Studies of the IFO using DTI and DTT have previously demonstrated decreased FA values in children with autism spectrum disorders, traumatic brain injury and following treatment with chemotherapy [3032], while we have not found any studies of the IFO in adult neurodegenerative disease. The atrophy of the frontal IFO observed in this study, correlated strongly with the presence of signs of fronto-subcortical dysfunction, such as dysexecutive problems, apathy and personality change. The present results therefore indicate that atrophy of the frontal IFO is closely related to the cognitive and behavioral symptoms seen in this neurodegenerative disorder. Future studies should investigate the integrity of other fronto-subcortical nerve tracts in PSP, in combination with more detailed neuropsychological evaluation.

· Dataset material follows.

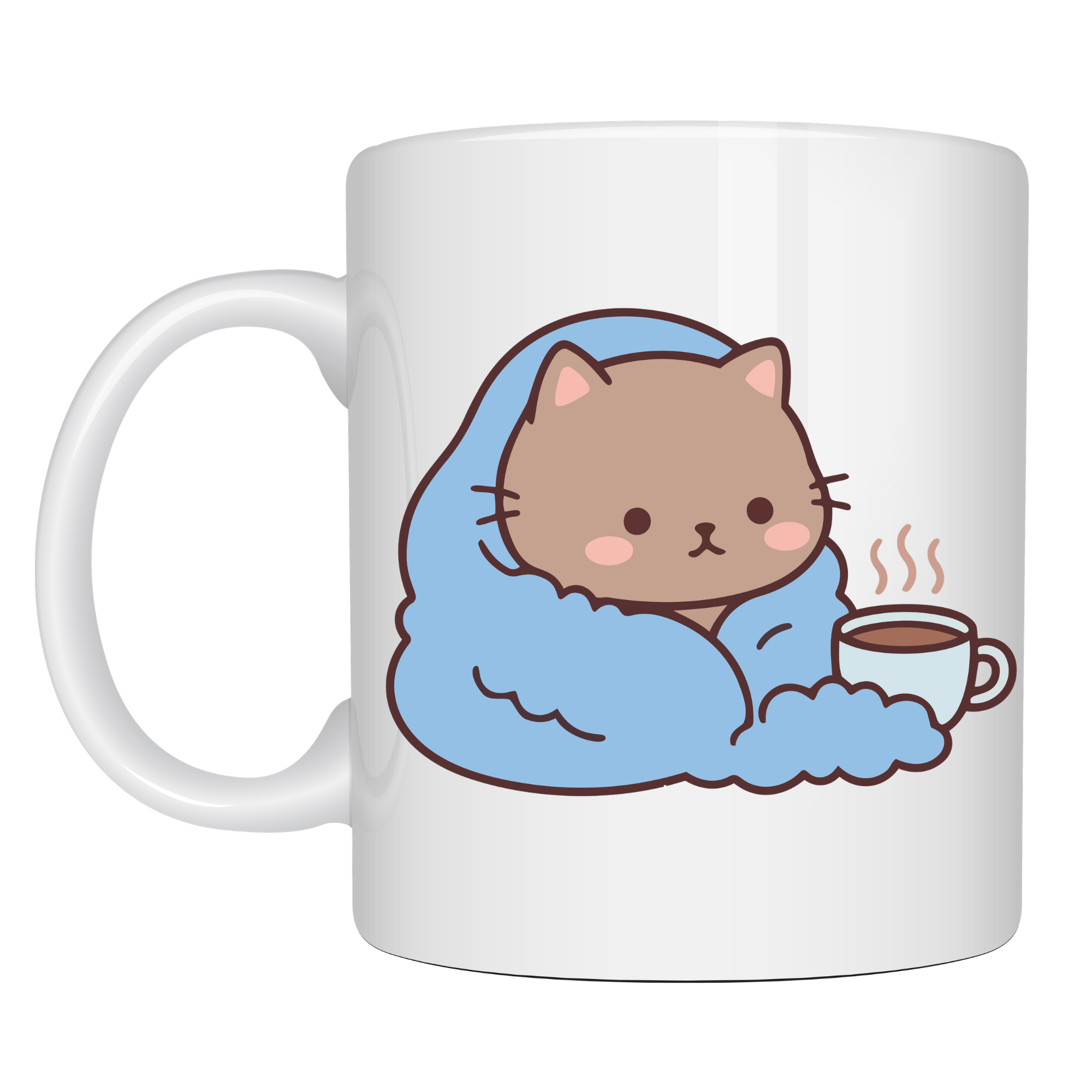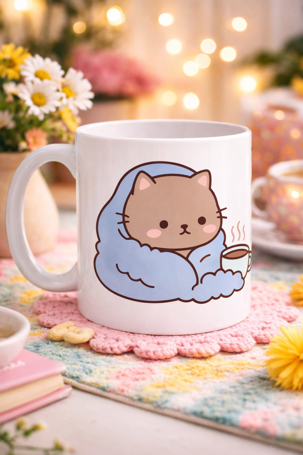 Bu sevimli porselen kupanın üzerinde yer alan tatlı kedi, tam da bu hissi anlatıyor. Mavi battaniyesine sarılmış halde sıcak kahvesini yudumlayan bu minik kedi, rahatlığın, huzurun ve küçük mutlulukların simgesi.

DTI has been used for measurement of white matter diffusion properties in a number of diseases, e.g. amyotrophic lateral sclerosis, schizophrenia, and Alzheimer disease [79]. Tractography, on the other hand, has mainly been used for neuroanatomical dissection of white matter tracts in vivo in healthy volunteers and patients with brain tumors, while its use in neurodegenerative disease has been rather limited [10, 11, 2325]. DTT could prove useful to investigate the correlation between clinical symptoms and patterns of neurodegeneration and atrophy in specific white matter tracts. This might also be important for differential diagnosis, where the detection of specific patterns of atrophy could point to a specific diagnosis when the clinical history, symptoms and signs are ambiguous, for example in the presence of early frontal symptoms. More importantly, the neuroanatomy of subcortical white matter networks underlying cognition and behavior in both normal brain function as well as in different brain diseases could be deduced by combining measures of cognitive and behavioral function with diffusion changes and atrophy of selected tracts visualized by tractography [15].

Conclusions

In conclusion, we have demonstrated that selective frontal diffusion changes and atrophy of the IFO occurs in PSP, in patients showing a fronto-subcortical clinical phenotype. Furthermore, DTT can be a useful tool for identifying selective patterns of neuronal tract atrophy in neurodegenerative disease, which cannot be detected by routine MRI. In selected tracts, FA and ADC values might act as surrogate markers for disease stage.